[Instructions for the task]:
Print out the data exactly, keeping every image out of it.

------ Data section ------

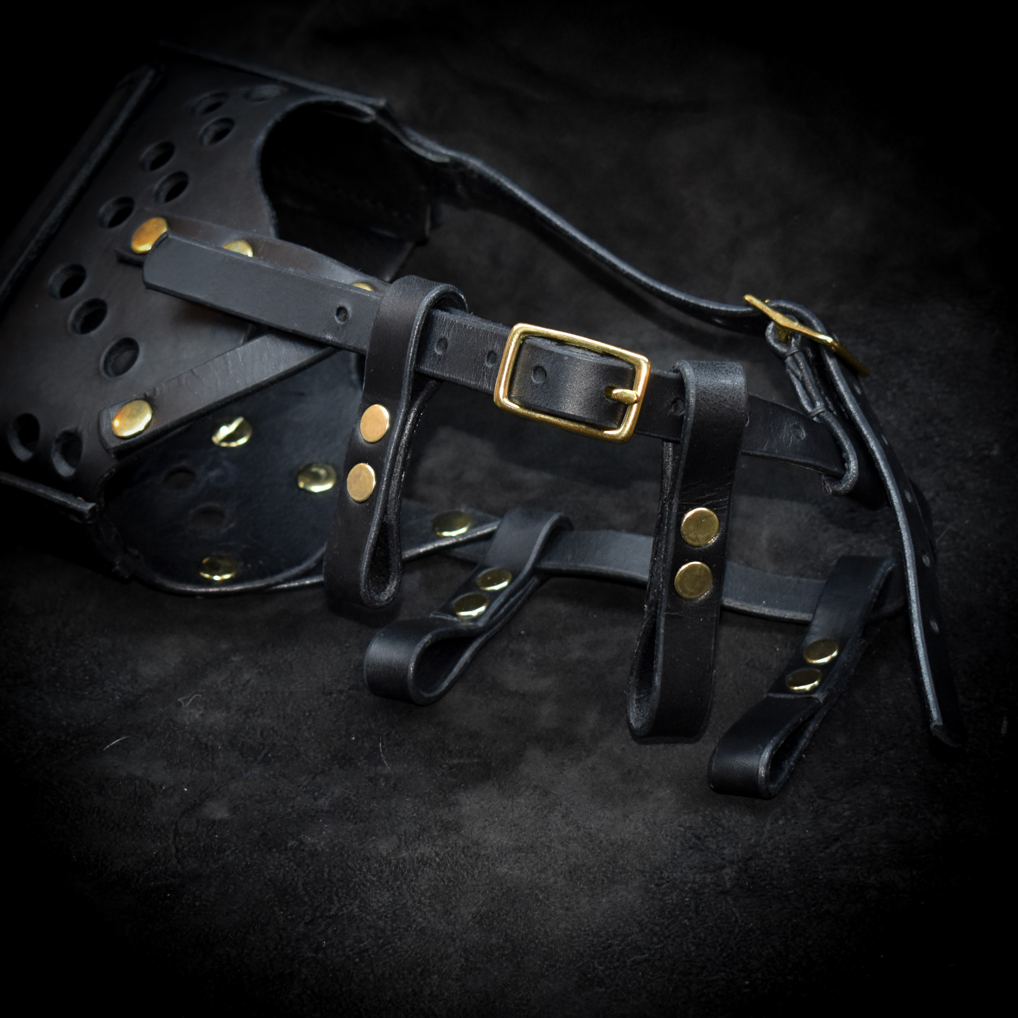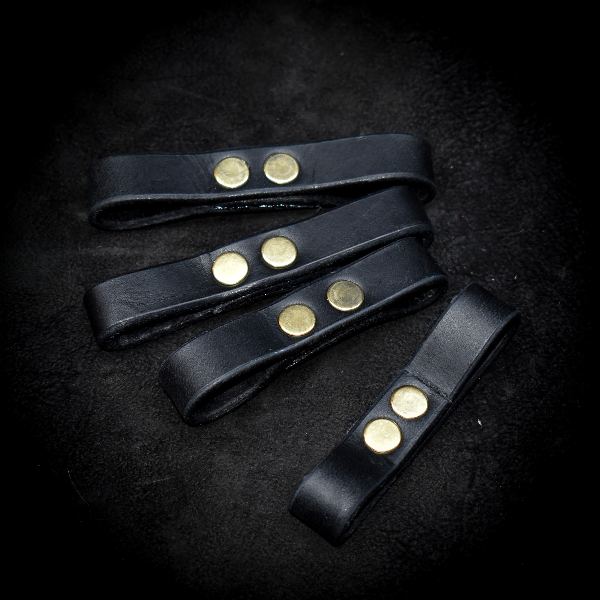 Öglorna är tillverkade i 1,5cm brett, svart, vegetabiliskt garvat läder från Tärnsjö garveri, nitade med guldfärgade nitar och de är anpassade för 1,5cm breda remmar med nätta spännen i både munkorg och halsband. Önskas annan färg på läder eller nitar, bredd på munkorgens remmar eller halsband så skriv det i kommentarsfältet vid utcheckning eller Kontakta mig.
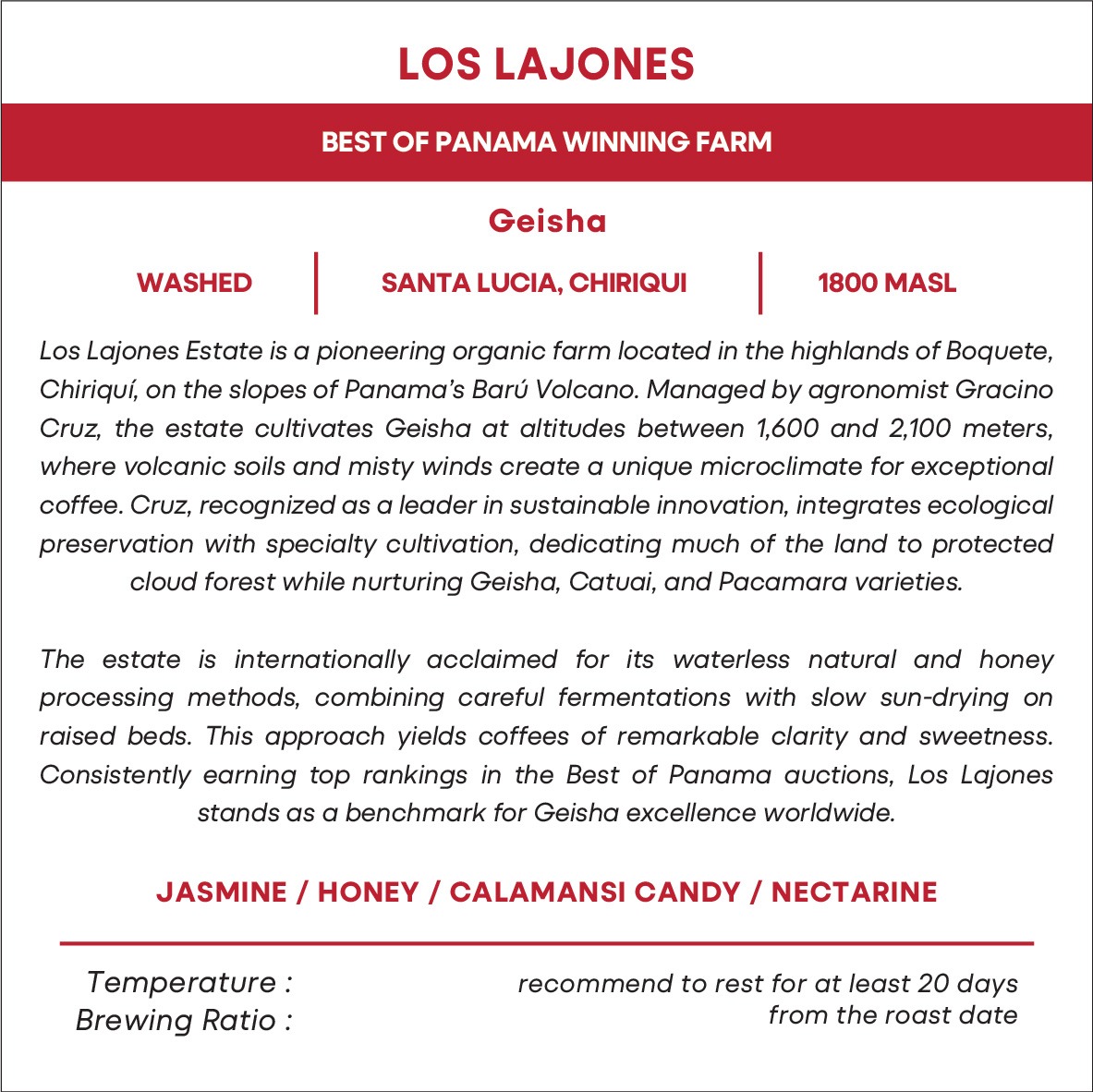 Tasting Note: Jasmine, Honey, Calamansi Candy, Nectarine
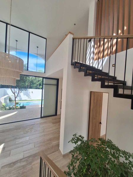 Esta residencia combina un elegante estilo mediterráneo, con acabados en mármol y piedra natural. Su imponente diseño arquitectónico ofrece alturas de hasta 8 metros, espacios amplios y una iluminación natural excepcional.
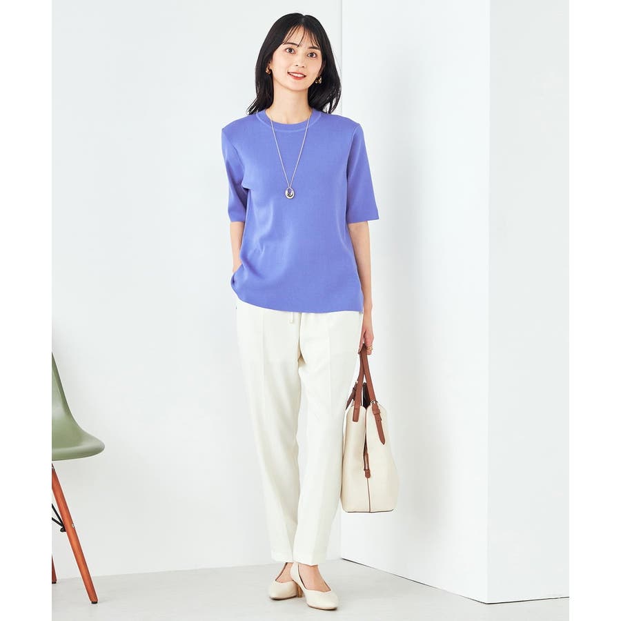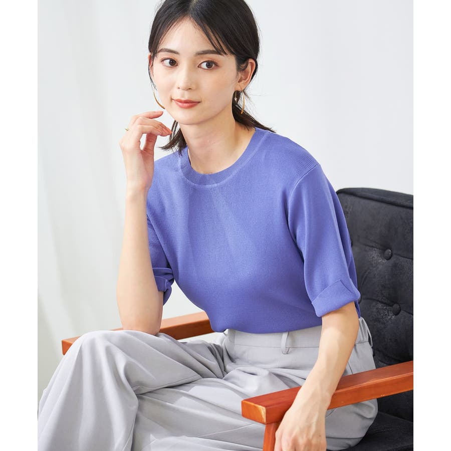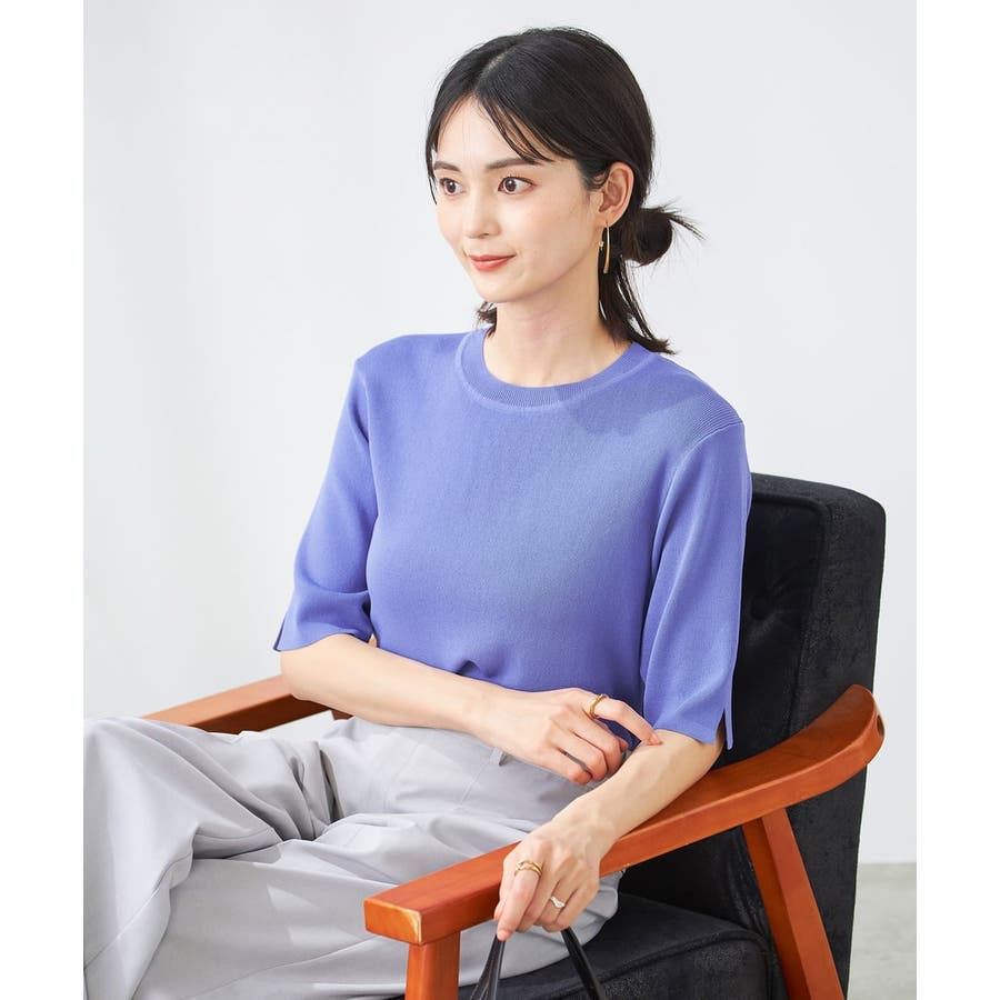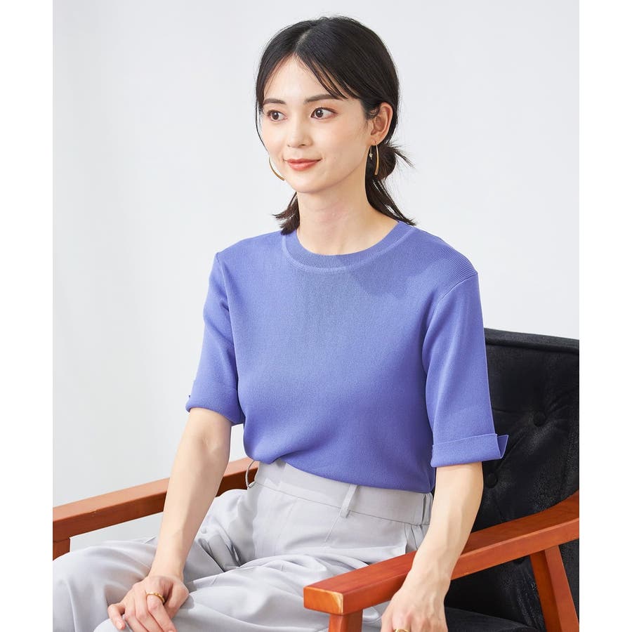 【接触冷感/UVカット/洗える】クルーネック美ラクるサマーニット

------

[Written answer]:
 Öglorna är tillverkade i 1,5cm brett, svart, vegetabiliskt garvat läder från Tärnsjö garveri, nitade med guldfärgade nitar och de är anpassade för 1,5cm breda remmar med nätta spännen i både munkorg och halsband. Önskas annan färg på läder eller nitar, bredd på munkorgens remmar eller halsband så skriv det i kommentarsfältet vid utcheckning eller Kontakta mig.
 Tasting Note: Jasmine, Honey, Calamansi Candy, Nectarine
 Esta residencia combina un elegante estilo mediterráneo, con acabados en mármol y piedra natural. Su imponente diseño arquitectónico ofrece alturas de hasta 8 metros, espacios amplios y una iluminación natural excepcional.
 【接触冷感/UVカット/洗える】クルーネック美ラクるサマーニット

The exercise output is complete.